Stage 3 — Scout105 cleanup protocol
Apply only objective cleanup after a Key Point (phase complete). Do not add features.
Trigger (Key Point)
- Apply only after a milestone where the user would see complete value.
- Do not run per-file; run once per phase.
Allowed cleanup categories (objective only)
- Unused code: unused imports/vars/fields (provable by grep/IDE).
- Typos: spelling errors in comments/strings (spellcheckable).
- Formatting inconsistencies: breaks the file’s own pattern.
- Dead code: commented debug lines or unreachable code.
- Obviously wrong logic: provably incorrect (duplicate checks, impossible types).
Constraints
- Only in files already touched by the primary task.
- Remove garbage only; no new features or refactors.
- Each cleanup must take ≤ 30 seconds to verify + fix.
- Total cleanup time ≤ 5% of primary task time.
- Must be objectively measurable; if not measurable, skip.
- Require user approval before executing cleanup.

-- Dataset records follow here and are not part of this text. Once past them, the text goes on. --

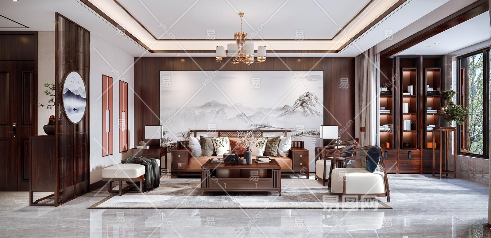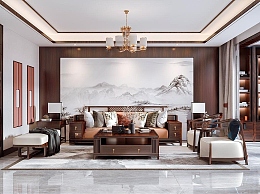 新中式客餐厅3D模型下载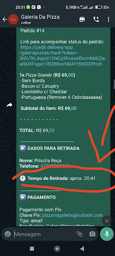 Read moreRealizei um pedido recentemente, o pedido chegou rápido, a qualidade do alimento é boa. Porém uma situação muito chata me fez desistir dos próximo pedidos por conta do pós venda. Realizei um pedido de um sabor especial, inclusive por desejo de uma criança que gostava mto, e notei que faltou ingrediente, justamente no sabor especial. Já era fim do expediente da pizzaria, enviei a foto informando, a atendente se desculpou, informando que compensaria no próximo pedido. Agradeci e entendo que já estava tarde para corrigir o acontecido, pedi que fosse feito o reembolso do valor. Fui informada de que seria repassado ao responsável e até o momento. Não recebi mais retorno. Embora seja simbólico, não é pelo pequeno valor, porém l foi pago a mais por isso, se eu não pagasse não poderia pedir, entendo que isso é falta de comprometimento. Eu me comprometi a pagar a mais, além de não vir como deveria, não tive mais retorno da outra parte...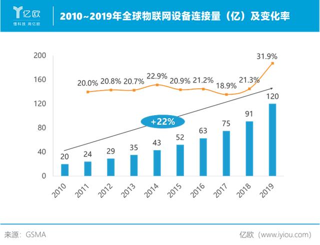 据GSMA(全球移动通信系统协会)公布的数据,自2010年至2019年,全球物联网设备数量的年复合增长率达22%,2019年设备连接数量达120亿,其中直接面向消费者的设备连接量为44亿(智慧家庭20亿,消费类电子产品12亿,可穿戴设备3亿,智能汽车3亿,其他消费类产品6亿)。综合分析业内参与者的布局,智能家居、可穿戴设备是消费物联网目前的发展重点。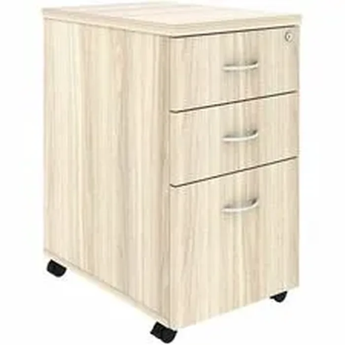 Mobile pedestal is part of Lorell Essentials Series Laminate Furniture with high-quality laminate construction and a contemporary design. It offers plenty of storage for supplies with two box drawers. Keep your frequently used file handy with the file drawer on the bottom. The file drawer includes hangrails and holds letter-size and legal-size hanging files. Pedestal rolls easily on four 1-1/2" dual-wheel casters. Design also includes Modern Elm laminate for durability, 96mm metal drawer pulls with a silver brush finish and 3mm PVC edges.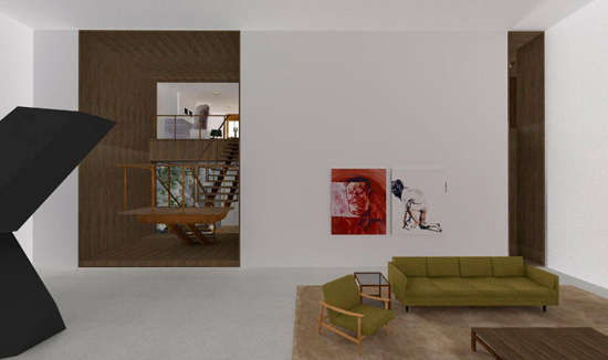 编辑点评:浅驼色的地毯划出了客厅区域,与橄榄绿色沙发和谐搭配。楼梯区域的墙体采用木质材料装修,与白色背景形成强烈对比,从而使楼梯形成立体空间。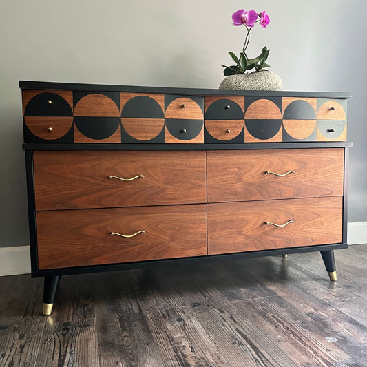 Vintage Waterfall Dresser in Black and Walnut and Chevron Details (Copy)

Scout105 report (present to user)
✅ Key Point complete: <brief summary> Scout105 opportunities: - <file>: <item> (category, evidence) - <file>: <item> (category, evidence) Run Scout105 cleanup? [Yes / Skip / Selective]
Execution
- If approved, apply all selected cleanups in batch.
- Run tests/build to validate no regression.
- If failures occur, revert or investigate causality before proceeding.
Output expectations
- Stage 1: Provide refactor options + log path + remaining branches + recommended path.
- Stage 2: Provide plan, risks, validation checklist, and request confirmation.
- Stage 3: Provide Scout105 report, decision, and validation result.